» **ACTIVITY**
Make an exact copy of the listing underneath, skipping each picture.

» **RECORDED DATA**
■ ■ ■ ■ ■ ■ ■
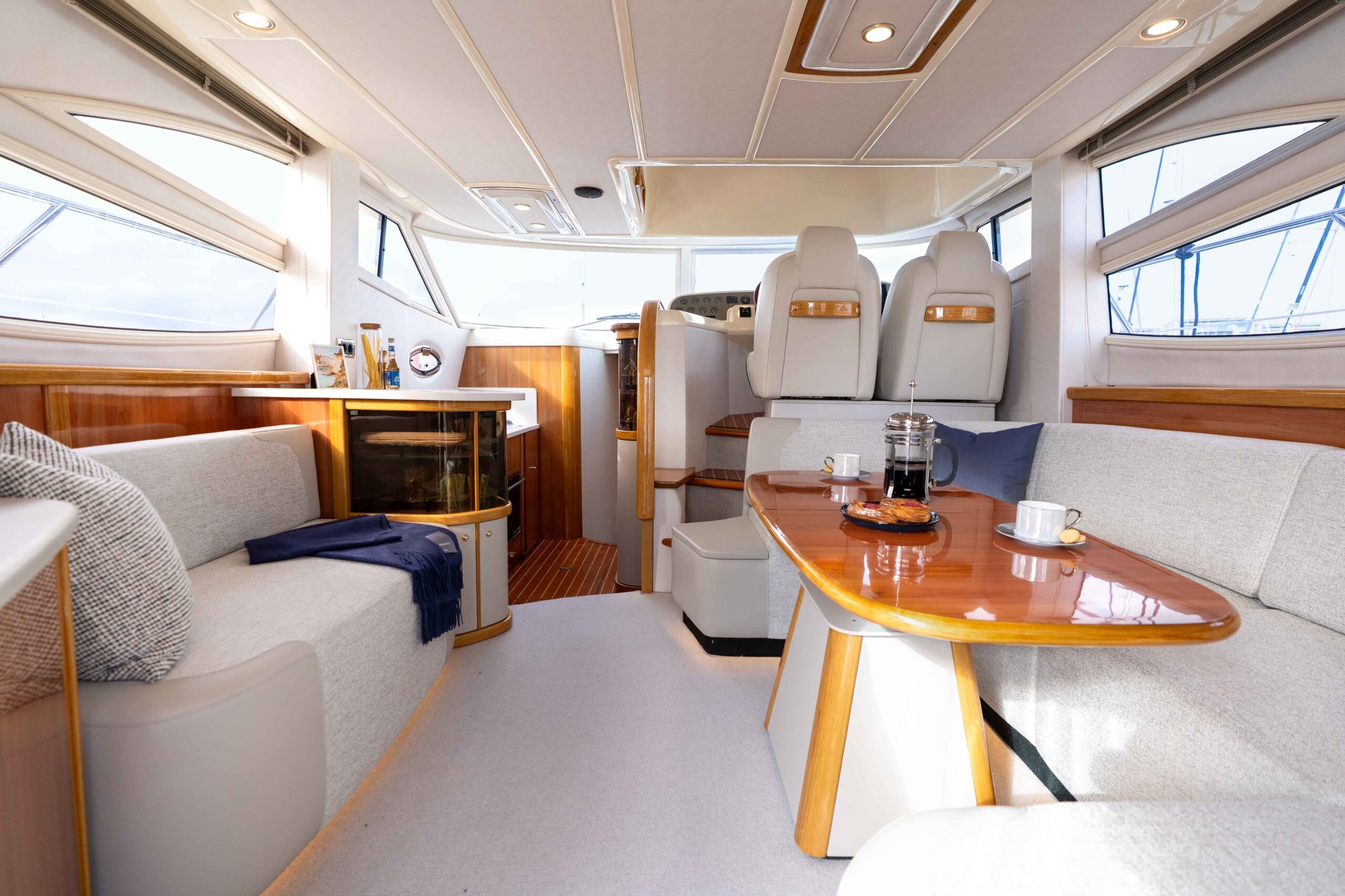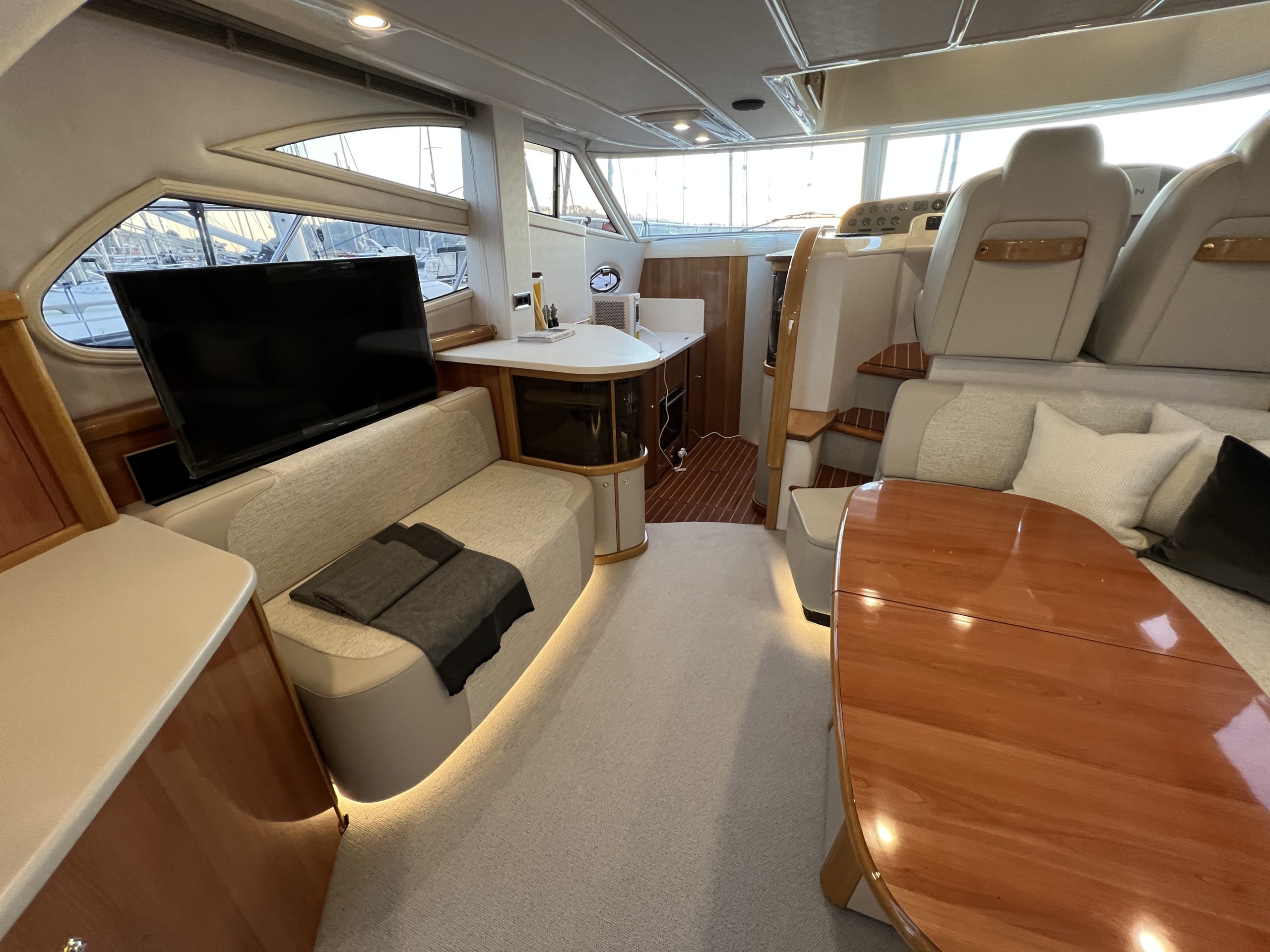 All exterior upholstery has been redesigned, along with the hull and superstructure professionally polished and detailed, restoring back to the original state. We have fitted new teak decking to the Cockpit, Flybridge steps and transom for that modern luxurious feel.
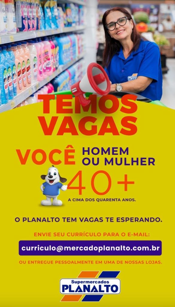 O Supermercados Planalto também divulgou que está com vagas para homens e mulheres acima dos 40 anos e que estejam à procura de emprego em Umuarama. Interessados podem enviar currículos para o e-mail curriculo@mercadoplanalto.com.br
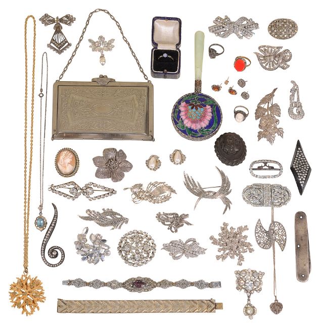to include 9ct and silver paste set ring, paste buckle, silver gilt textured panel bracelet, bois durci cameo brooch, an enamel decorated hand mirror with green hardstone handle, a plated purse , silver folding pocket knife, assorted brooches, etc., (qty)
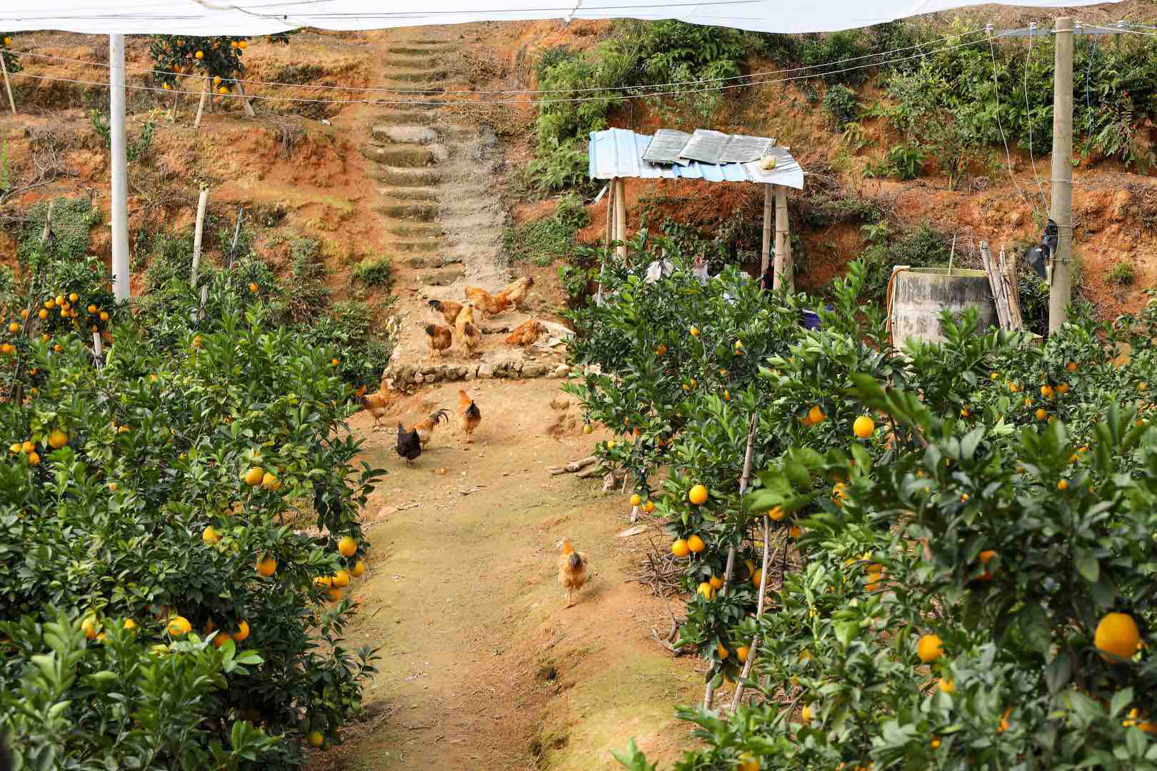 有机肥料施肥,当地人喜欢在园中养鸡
■ ■ ■ ■ ■ ■ ■
» **THE ANSWER**
 All exterior upholstery has been redesigned, along with the hull and superstructure professionally polished and detailed, restoring back to the original state. We have fitted new teak decking to the Cockpit, Flybridge steps and transom for that modern luxurious feel.
 O Supermercados Planalto também divulgou que está com vagas para homens e mulheres acima dos 40 anos e que estejam à procura de emprego em Umuarama. Interessados podem enviar currículos para o e-mail curriculo@mercadoplanalto.com.br
to include 9ct and silver paste set ring, paste buckle, silver gilt textured panel bracelet, bois durci cameo brooch, an enamel decorated hand mirror with green hardstone handle, a plated purse , silver folding pocket knife, assorted brooches, etc., (qty)
 有机肥料施肥,当地人喜欢在园中养鸡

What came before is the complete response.